易疏禾喘着粗气,抬手擦了一把额头的汗,有些抱歉地笑了笑:“抱歉,林恩,再来一次。”
“哎哟,疏禾姐,你是不是想那个‘素人’姐姐想得太入神了?”忙内夏柚瘫坐在地板上,一边揉着酸痛的腿,一边八卦地挤眉弄眼,“那个眼神,刚才那一瞬间,我都觉得你要透过镜子看到江城去了。”
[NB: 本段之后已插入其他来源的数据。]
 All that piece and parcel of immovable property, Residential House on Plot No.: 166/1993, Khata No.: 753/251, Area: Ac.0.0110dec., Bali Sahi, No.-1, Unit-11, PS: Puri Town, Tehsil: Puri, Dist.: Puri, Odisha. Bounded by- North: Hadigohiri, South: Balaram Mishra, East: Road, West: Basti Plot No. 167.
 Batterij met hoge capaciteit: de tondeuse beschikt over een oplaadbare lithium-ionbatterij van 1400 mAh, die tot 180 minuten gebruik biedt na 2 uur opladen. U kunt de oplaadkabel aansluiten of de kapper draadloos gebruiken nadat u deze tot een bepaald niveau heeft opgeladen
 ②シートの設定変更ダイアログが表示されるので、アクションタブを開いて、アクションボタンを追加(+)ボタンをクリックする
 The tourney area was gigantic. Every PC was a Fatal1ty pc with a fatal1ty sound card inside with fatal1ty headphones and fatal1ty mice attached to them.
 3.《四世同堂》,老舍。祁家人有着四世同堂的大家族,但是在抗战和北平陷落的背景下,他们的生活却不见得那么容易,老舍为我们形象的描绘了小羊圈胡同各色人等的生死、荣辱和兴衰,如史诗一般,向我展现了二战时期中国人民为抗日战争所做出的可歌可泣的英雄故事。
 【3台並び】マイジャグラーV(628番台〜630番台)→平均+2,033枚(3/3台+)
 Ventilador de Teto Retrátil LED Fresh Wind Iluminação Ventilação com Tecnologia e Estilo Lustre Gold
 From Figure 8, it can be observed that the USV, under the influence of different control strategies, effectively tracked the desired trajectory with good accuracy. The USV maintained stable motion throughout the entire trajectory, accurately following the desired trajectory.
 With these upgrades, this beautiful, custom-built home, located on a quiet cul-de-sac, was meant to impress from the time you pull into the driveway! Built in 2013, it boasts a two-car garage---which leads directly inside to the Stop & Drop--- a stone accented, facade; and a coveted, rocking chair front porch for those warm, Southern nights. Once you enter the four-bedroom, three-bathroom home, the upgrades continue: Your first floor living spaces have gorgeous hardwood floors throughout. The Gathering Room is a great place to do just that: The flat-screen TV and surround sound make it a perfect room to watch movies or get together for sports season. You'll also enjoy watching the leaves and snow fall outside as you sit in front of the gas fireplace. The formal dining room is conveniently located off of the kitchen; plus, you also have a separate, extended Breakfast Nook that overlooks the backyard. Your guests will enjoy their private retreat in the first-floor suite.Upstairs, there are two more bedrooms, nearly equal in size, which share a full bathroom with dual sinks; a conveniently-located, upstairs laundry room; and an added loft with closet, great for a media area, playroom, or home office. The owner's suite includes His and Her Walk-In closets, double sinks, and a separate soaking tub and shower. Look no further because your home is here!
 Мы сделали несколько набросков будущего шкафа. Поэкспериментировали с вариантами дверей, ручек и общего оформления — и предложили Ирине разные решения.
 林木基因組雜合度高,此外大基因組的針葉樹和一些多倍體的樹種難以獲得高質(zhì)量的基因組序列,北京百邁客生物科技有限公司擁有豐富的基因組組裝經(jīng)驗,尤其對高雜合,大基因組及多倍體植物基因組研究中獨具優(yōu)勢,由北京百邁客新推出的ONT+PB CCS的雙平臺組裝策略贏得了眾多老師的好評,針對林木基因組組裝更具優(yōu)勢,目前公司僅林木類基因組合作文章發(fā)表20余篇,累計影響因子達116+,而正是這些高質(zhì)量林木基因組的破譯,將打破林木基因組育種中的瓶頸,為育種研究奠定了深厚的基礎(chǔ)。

“小孩子别瞎说。”易疏禾脸颊微红,拿起毛巾盖在头上,掩饰自己的表情。
Vicky走过来,递给易疏禾一条毛巾,似笑非笑地看着她:“夏柚说得也没错。疏禾,这次演唱会的主题虽然是‘四季’,但核心其实是‘等待’与‘重逢’。你现在的状态,太紧绷了。你是在练舞,不是在完成任务。你要想着,你在等的那个人,就在舞台下看着你。”
易疏禾愣了一下,手指无意识地抓紧了毛巾。
等的那个人....
她想起李离穿着警服站在雪地里的身影,想起她在值班室里吃泡面的样子,想起那条“小心使得万年船”的微信留言。
“再来一次。”易疏禾深吸一口气,重新站回队形中央,眼神变了。不再是刚才的疲惫与紧绷,而是一种温柔的坚定,仿佛穿透了练舞室的墙壁,穿透了海峡的距离,落在了那个正在江城街头巡逻的藏蓝色身影上。
音乐再次响起。
这一次,她的动作流畅如水,每一个转身、每一次抬手,都带着一种无声的诉说。
与此同时,江城的夜色已深。
李离处理完最后一点工作,回到了那个还在装修的家。她没有开灯,借着窗外的月光,走进那个即将成为卧室的房间。
木工已经做好了衣柜的框架,空气中弥漫着淡淡的木香。李离伸出手,抚摸着那些粗糙的木板。这是她们未来的家,每一颗钉子,每一块板,都倾注了她的心血。
她走到窗前,看着窗外空荡荡的街道。
“晚安。”她对着虚空,轻声说道。
虽然不能见面,但她们在同一片星空下,为了同一个未来,各自努力着。一个在尘埃与喧嚣中守护城市的安宁,一个在聚光灯与汗水中编织梦想的羽翼。
李离拿出手机,看着易疏禾的那句“晚安”,终于按下了回复键。
“晚安,练舞要注意安全。”
发送成功。
她关掉手机,转身走出了毛坯房。夜风微凉,吹在她脸上,却让她觉得无比清醒。明天,还要早起去确认油漆工进场。
在这个城市沉睡的时候,她正在为她们未来的家,添砖加瓦。